Frederick Berkeley, 5th Earl of Berkeley


Frederick Augustus Berkeley, 5th Earl of Berkeley was a British peer.

Origins and education

Berkeley was the eldest son and heir of Augustus Berkeley, 4th Earl of Berkeley by Elizabeth, daughter of Henry Drax, of Ellerton Abbey, Yorkshire. He succeeded his father in the Earldom and as 13th Baron Berkeley in 1755.

Career

In 1766, Berkeley was appointed Lord Lieutenant of Gloucestershire, High Steward of Gloucester, Constable of St Briavels and Warden of the Forest of Dean.
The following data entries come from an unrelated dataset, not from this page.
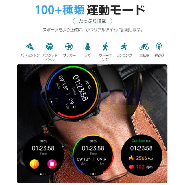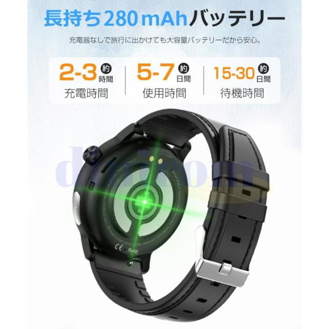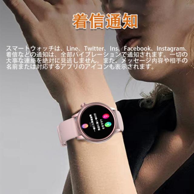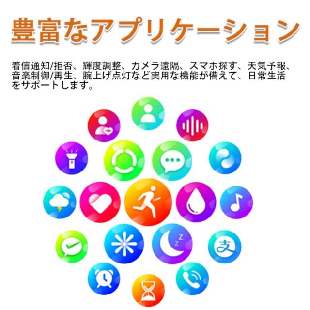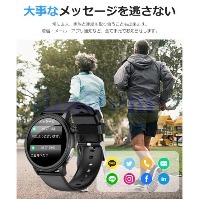 【長持ちバッテリー&便利な通知機能】- スマートウォッチは消費電力の方から最適化されています。280mAhの大容量バッテリーはフル充電(2時間)後、7日間の使用時間と30日間の待機時間を持ちできます。(個人の利用状況によって、使用時間が少し違います)。 スマートウォッチをスマホに接続した後、着信をリマインダー、重要なSMSメッセージを受信して読めますように振動します。満員電車の中、運動中や打ち合わせ中などスマホを取り出せない状況でも、大切なメッセージや着信を見逃しません。(Line、Twitter、Facebook(Meta)、Instagramなどをサポートします。)お休みモードも設定でき、寝る前に「振動」「メッセージ通知」をオフすることができます。(ご注意:電話をかけるや返信などの機能がいただけません)
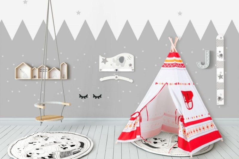 - praktická taška pro všechny prvky - také v indickém motivu, které odpovídají celku. Díky tašce je snadné vzít s sebou svůj teepee, například na dovolenou, na zahradu.
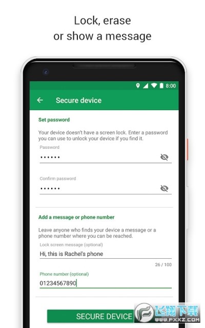 清空或锁定设备,并在锁定屏幕上显示自定义消息和联系电话号码
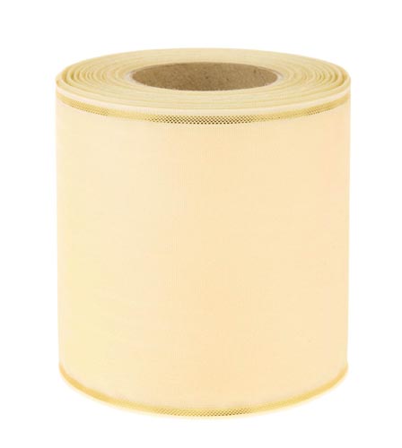 Morié szalag, keskeny arany szegéllyel, champagne 100 mm x 25 m
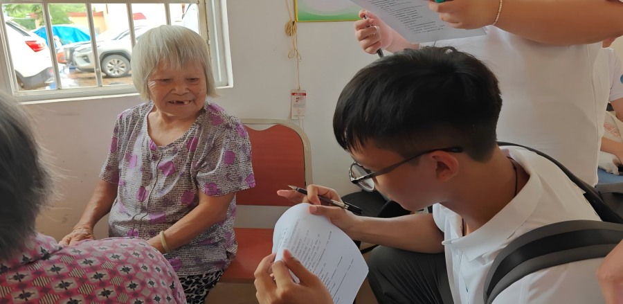 圖為突擊隊成員對村民開展問卷調(diào)研 盧澤喨供圖
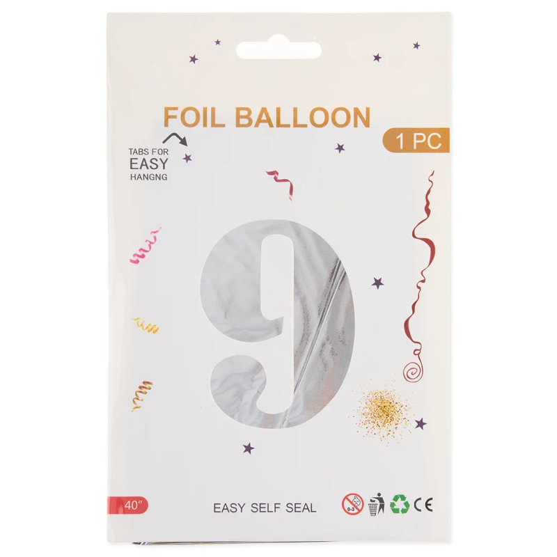 Шар (40''/102 см) Цифра, 9, Серебро, Металлик, 1 шт. в уп., 24099
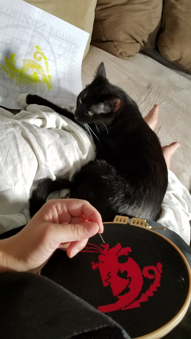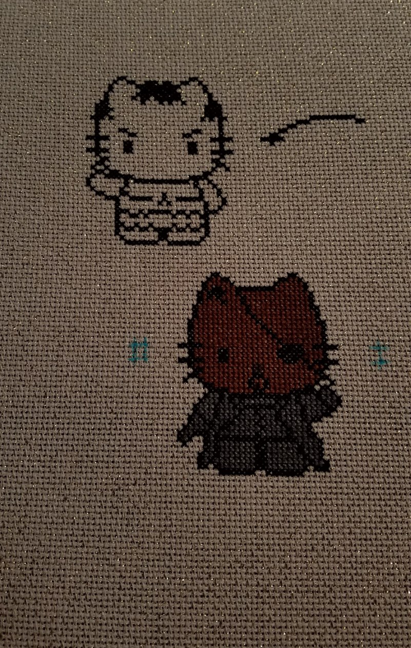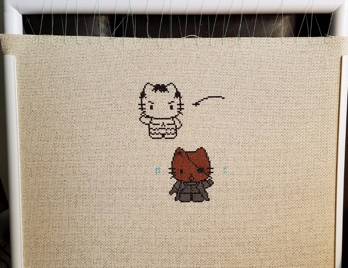 I haven't felt like putting my Egyptian Sampler back on a scroll frame, yet. Instead I'm doing a monochrome Game of Thrones pattern I got of Etsy last month. I was hoping to have a little bit more finished on this pattern by now, but I keep getting furry interference.
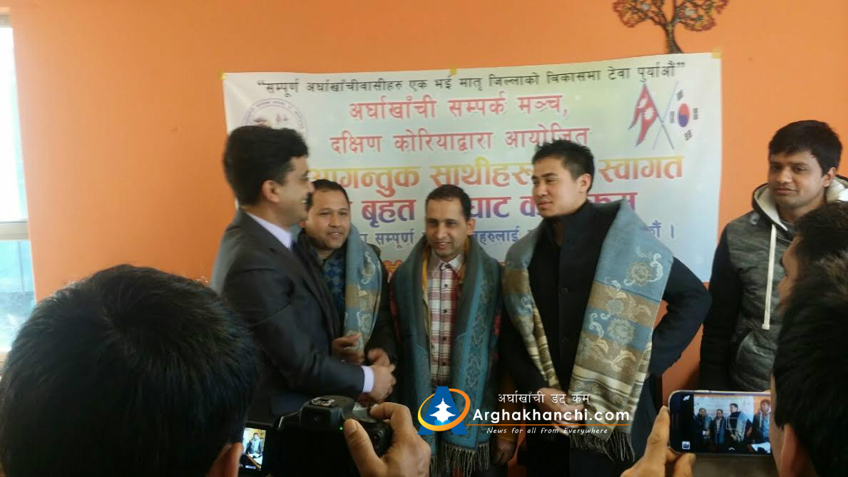 कोरियामा नेपालीहरुको संख्या तिब्र बढदै गर्दा अर्घाखाँचीबाट कोरिया आउनेको संख्यापनि बाक्लो बनेको छ ।कोरियाको  नेपाली मार्केट भनेर चिनिने दोन्देमुन शहरको होटेल नमस्ते अर्घाखाँची बासिले खचाखच थियो यहि फेब्रुअरी ७ तारिकका दिन ।लामो समय पछिको भेट्घाट आपसी सुख दुख अनि परदेशको भोगाई आफ्नै जिल्लाका साथिसामु बाँड्न पाउँदा सबैको अनुहारमा दसैं  र तिहार आएजस्तो खुसिको अनुभव गर्न सकिन्थ्यो ।
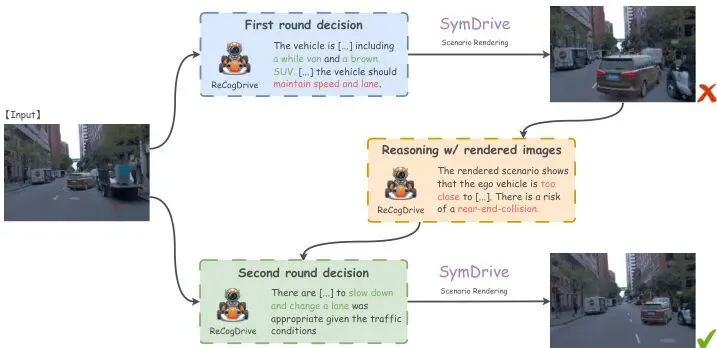 视觉上,插入的车辆光影自然,与背景完美融合,纹理细节也更逼真。初步验证显示潜力巨大。SymDrive可以生成高保真的闭环仿真序列。如图6所示,它可以模拟正常车流,也可以生成激进变道、超车等高危场景。更重要的是,论文尝试将生成的仿真场景输入给一个端到端的视觉语言驾驶模型进行测试,模型能够基于仿真的危险场景调整其初始决策,这证明了SymDrive生成的数据对于评估和提升自动驾驶系统具有实用价值。图7:在我们的仿真环境中进行VLM规划与推理的示例。局限与展望:远距离物体与物理约束仍是挑战
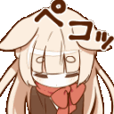 Mimi, the cute cartoon character, bows her head with a 'Pekot' sound, expressing apology or acknowledgment.

He served as a colonel in the army in 1779 and 1794.
George W. E. Russell gives the following account of an adventure that Berkeley once had on the road:
He had always declared that any one might without disgrace be overcome by superior numbers, but that he would never surrender to a single highwayman. As he was crossing Hounslow Heath one night, on his way from Berkeley Castle to London, his travelling carriage was stopped by a man on horseback, who put his head in at the window and said, ‘I believe you are Lord Berkeley?’ ‘I am.’ ‘I believe you have always boasted that you would never surrender to a single highwayman?’ ‘I have.’ ‘Well,’ presenting a pistol, ‘I am a single highwayman, and I say, “Your money or your life.”’ ‘You cowardly dog,’ said Lord Berkeley, ‘do you think I can’t see your confederate skulking behind you?’ The highwayman, who was really alone, looked hurriedly around, and Lord Berkeley shot him through the head.

Marriage and issue

Berkeley and Mary Cole, the daughter of a local publican and butcher, had seven sons and five daughters, but the disputed date of their marriage prevented their elder sons from succeeding as Earl of Berkeley and Baron Berkeley. They asserted that the marriage had taken place on 30 March 1785, but the earliest ceremony of which there is incontrovertible proof was a wedding in Lambeth Church, Surrey, on 16 May 1796, at which date she was pregnant with their seventh child.
He settled Berkeley Castle upon their eldest son, William FitzHardinge Berkeley, but William's attempt to assume his father's honours were disallowed by the House of Lords, who considered him illegitimate.
Berkeley's titles devolved as a matter of law upon his fifth but first legitimate son, Thomas Morton Fitzhardinge Berkeley, but were never used by him and he did not take his seat in the House of Lords. Per his father's will, he would have lost his small inheritance had he disputed his eldest brother's claim to the titles.